COVR: Collaborative Optimization of VLMs and RL Agent for Visual-Based Control¶
Conference: AAAI 2026 arXiv: 2601.06122 Code: Unavailable (as of 2026-03) Area: Multimodal VLM / Agent / Reinforcement Learning Keywords: VLM-RL collaborative optimization, visual reinforcement learning, knowledge distillation, dynamic data filtering, autonomous driving
TL;DR¶
This paper proposes COVR, a bidirectional collaborative optimization framework for VLMs and RL agents: high-quality interaction data generated by RL is used to fine-tune the VLM, while the enhanced VLM in turn guides RL policy learning via action priors, achieving SOTA performance on CARLA and DMControl.
Background & Motivation¶
Visual RL suffers from poor sample efficiency under high-dimensional observation spaces. Existing VLM-assisted RL methods fall into two categories: (1) directly fine-tuning the VLM as a policy network (VPF), which incurs high computational cost and deployment difficulties; (2) freezing the VLM for knowledge distillation (DPL/APL/DGC), transferring VLM priors to lightweight policy networks. However, a critical limitation of the latter is that the VLM itself may lack sufficient domain knowledge for the target task, and a frozen VLM can propagate inaccurate reasoning, leading to negative guidance.
The core insight of this paper is that VLMs and RL agents possess highly complementary strengths — VLMs offer semantic reasoning and generalization, while RL agents can discover high-quality state-action pairs in specific scenarios. Accordingly, the paper argues for establishing a bidirectional enhancement loop rather than unidirectional knowledge transfer.
Core Problem¶
How can VLMs and RL agents mutually reinforce each other during training? Specifically: 1. RL training data is noisy and inconsistent — how can high-quality samples be selected for effective VLM fine-tuning? 2. Random RL exploration leads to vastly different high-reward actions under similar observations (e.g., "accelerate forward" vs. "decelerate and turn right" on a straight road) — how can such inconsistency be prevented from misleading VLM supervised fine-tuning?
Method¶
Overall Architecture¶
COVR is an iterative bidirectional optimization framework consisting of two alternating phases:
Phase 1: VLM-Guided RL The VLM receives the current visual observation and task prompt, infers action semantics, and converts them via string parsing into a continuous action \(a_{v,t}\).

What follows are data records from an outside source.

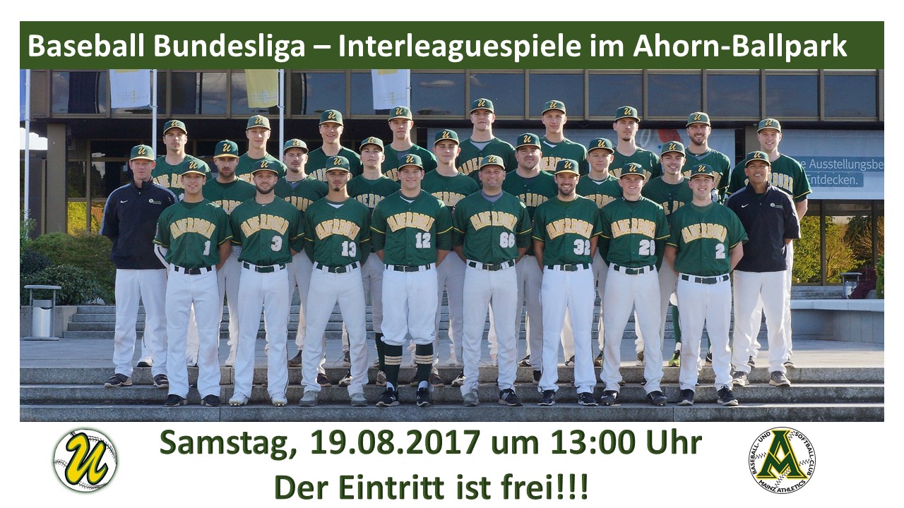 Diesen Samstag findet der 3. Spieltag der Interleaguerunde gegen die Mainz Athletics im Ahorn- Ballpark statt. Für unsere Jungs geht es darum wichtige Punkte zu sammeln, um in der Tabelle nach oben zu klettern.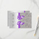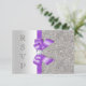 Personalized wedding RSVP flat cards / invitations. Elegant custom silver and lavender color double sided response cards with a beautiful sparkly printed glitter sequins pattern, cute shiny printed graphics vector bows and ribbons and pretty, stylish printed image diamonds bling jewels and purple font. These classy glamorous, fashionable, vibrant, lilac, lavender, purple and silver rsvps are decorated on both sides. Beautiful, chic, trendy, modern double sided cards with glitz and glamour. Please note: All invites on Zazzle have flat printed graphics - not real bows, jewels or sequins. I have matching products for weddings in my store. Text, font and colors of font are all personalizable / personalisable to meet your needs. If you need assistance customizing your product please contact me through my store. I will be happy to help.PLEASE NOTE:- All invitations on Zazzle have flat printed images.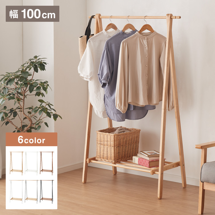 天然木 ハンガーラック 幅100cm 棚付き A型ハンガーラック 折りたたみ 省スペース コンパクト スリム ナチュラル ハンガーラック 木製
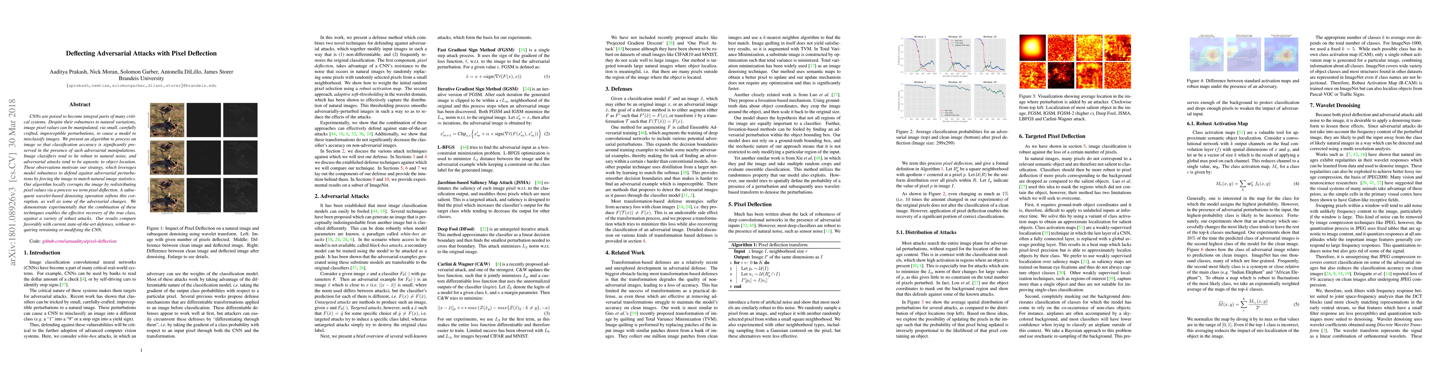 This paper proposes an algorithm termed pixel deflection to defend CNNs against adversarial attacks by redistributing pixel values to match natural image statistics, followed by wavelet-based denoising to recover true classifications, achieving better results than current defenses without requiring model retraining.

The RL policy network generates the raw action \(a_{r,t}\). During training, only \(a_{r,t}\) interacts with the environment, while \(a_{v,t}\) serves as an auxiliary supervision signal. At test time, the VLM is not required; only the lightweight policy network is used for inference, satisfying real-time requirements.

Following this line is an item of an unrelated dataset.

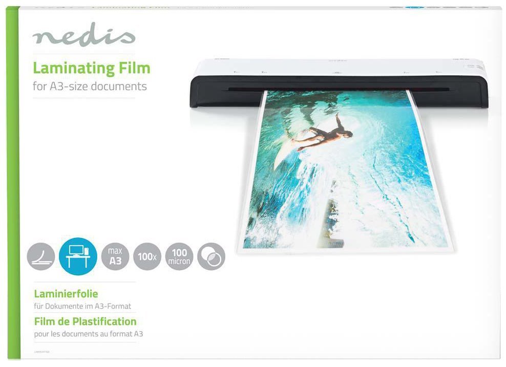 NEDIS laminovací fólie/ formát A3/ 100 mic/ rozměr 426 x 303 mm/ transparentní/ 100 pack
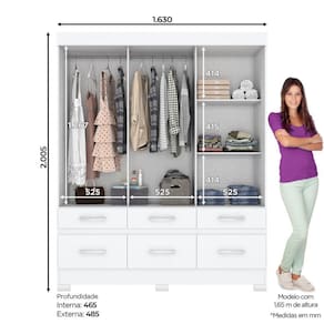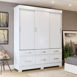 Se você busca organização e praticidade para o seu espaço, o guarda-roupas de 3 portas de correr da linha B93 é a opção perfeita. Com um design moderno e elegante, ele se destaca pela sua funcionalidade e capacidade de armazenamento. Com seis gavetas espaçosas, você terá lugar de sobra para guardar suas roupas, acessórios e objetos pessoais de forma organizada e ao alcance das mãos. Além disso, as portas de correr facilitam o acesso ao interior do guarda-roupas, sem ocupar espaço no ambiente. Fabricado com materiais de alta qualidade, esse guarda-roupas oferece durabilidade e resistência, garantindo que seus pertences estarão protegidos por muito tempo. Além disso, sua cor neutra e acabamento sofisticado combinam com qualquer estilo de decoração, deixando o ambiente ainda mais harmonioso. Acabamento da Prateleira: Pintura Texturizada UV Escala de Brilho da Prateleira: Fosco Possui Cabideiros: 01 Acabamento da Gaveta: Pintura UV Escala de Brilho da Gaveta: Brilhante Material do Puxador da Gaveta: ABS Possui Organizador de Gaveta: Não Acabamento da Porta: Pintura UV Escala de Brilho da Porta: Brilhante Material do Puxador da Porta: ABS Altura dos Pés: 5 Altura Máxima dos Pés: 5.0000 Ambiente Principal: Quarto codigo_ean: 7909903338148 Complexidade da Montagem: Média: pode ser montado por mais de uma pessoa e/ou necessite de maior conhecimento para montagem Cor: Branco Cor do Produto: Branco Cor Flex: Não Cor Interna: Trama Branco Escala de Brilho: Brilhante Gaveta com Chave: Não Guarda-Roupa Suporta Até (kg): 50 kg Informações Complementares: • Cabideiro resistente de madeira revestido; • 6 Gavetas com corrediças metálicas; • Puxadores em ABS; • Frentes de MDP 15mm. Itens Inclusos: 1 Guarda Roupa, Kit Ferragens e Manual de Montagem Linha ou Coleção: BE21 Manual de Montagem e Instalação: https://product-hub-prd.madeiramadeira.com.br/855483/documents/f04fe549-f218-45bf-a823-0a6f39b09259oupeiro3ptsdeslizantes6gav.pdf Material da Gaveta: MDP Material da Porta: MDP Material da Prateleira: MDP Material dos Pés: ABS Material Principal: MDP Necessita Montagem: Sim Origem do Produto: Nacional Peso: 87 kg Peso Máximo por Gaveta: 3 kg Peso Máximo por Prateleira: 8 kg Possui Calceiros: Não Possui Espelho: Não Possui Pés: 08 Produto Montado: Sim Recomendações de Uso, Manutenção e Limpeza: Para limpeza de seu móvel, use uma flanela seca ou umedecida. Não utilize produtos químicos que possam danificar o produto. Sapatas Niveladoras: Não Sistema de Montagem: Parafusos e Cavilhas Tipo de Corrediça da Gaveta: Metálica Simples Tipo de Dobradiça/Corrediça da Porta: Metálica Tipo de Gaveta: Externa Tipo de Guarda-Roupa: Casal Tipo de Puxador da Gaveta: Externo Tipo de Puxador da Porta: Externo

Phase 2: RL-Tuned VLM Trajectory data collected from RL interactions is filtered by EDDF and weighted by RALW, then used to fine-tune the VLM via LoRA, enhancing its semantic reasoning capability on the target task. The fine-tuned VLM subsequently provides more accurate action priors for the next round of RL training.
Key Designs¶
-
Exploration-Driven Dynamic Filter (EDDF): A dynamic data filtering module based on the degree of exploration. A dedicated buffer \(\mathcal{D}_f\) stores trajectory data \((o_i, a_{r,i}, g_i)\). The core procedure is: (a) apply Z-score normalization to return values; (b) dynamically adjust the filtering threshold \(\tau = \text{Median}(\mathcal{G}_z) + \text{Sigmoid}(\varepsilon_t) \cdot \text{IQR}(\mathcal{G}_z)\) based on policy entropy \(\varepsilon_t\). When policy entropy is high in early training, the threshold is relaxed to retain more potentially valuable low-return samples; as entropy decreases in later stages, the threshold tightens to prioritize high-return trajectories. This design is more flexible than fixed top-k filtering and adapts to different stages of RL training.
-
Return-Aware Adaptive Loss Weight (RALW): An adaptive loss weighting module conditioned on returns. Returns of filtered samples are normalized to \([-1, 1]\); samples with negative returns receive zero weight (excluded from learning), while positive-return samples receive higher weights. Formally: \(\mathcal{L}_{\text{RALW}} = \frac{1}{N_v}\sum_{b=1}^{B} w_b \sum_{t=1}^{T} -\log p(y_{b,t} | \mathbf{x}_{b,<t})\), where \(w_b = \max(\bar{g}_b, 0)\). This encourages the model to prioritize learning high-reward behaviors while preserving the VLM's original capabilities.
-
Adaptive Progressive Fine-Tuning: A progressive fine-tuning strategy where the fine-tuning interval \(\psi_c\) grows linearly with the iteration count: \(\psi_{c+1} = \psi_c + \psi_c \cdot c\). The VLM is updated frequently when the policy is unstable in early training, and less frequently as the policy converges. The buffer \(\mathcal{D}_f\) is cleared after each fine-tuning round.
Loss & Training¶
- RL policy loss: Standard SAC loss + VLM regularization term \(\tilde{\mathcal{L}}_\pi = \mathcal{L}_\pi + \lambda \|a_{v,t} - a_{r,t}\|_2^2\), with \(\lambda=2.0\) (CARLA) / \(1.0\) (DMControl)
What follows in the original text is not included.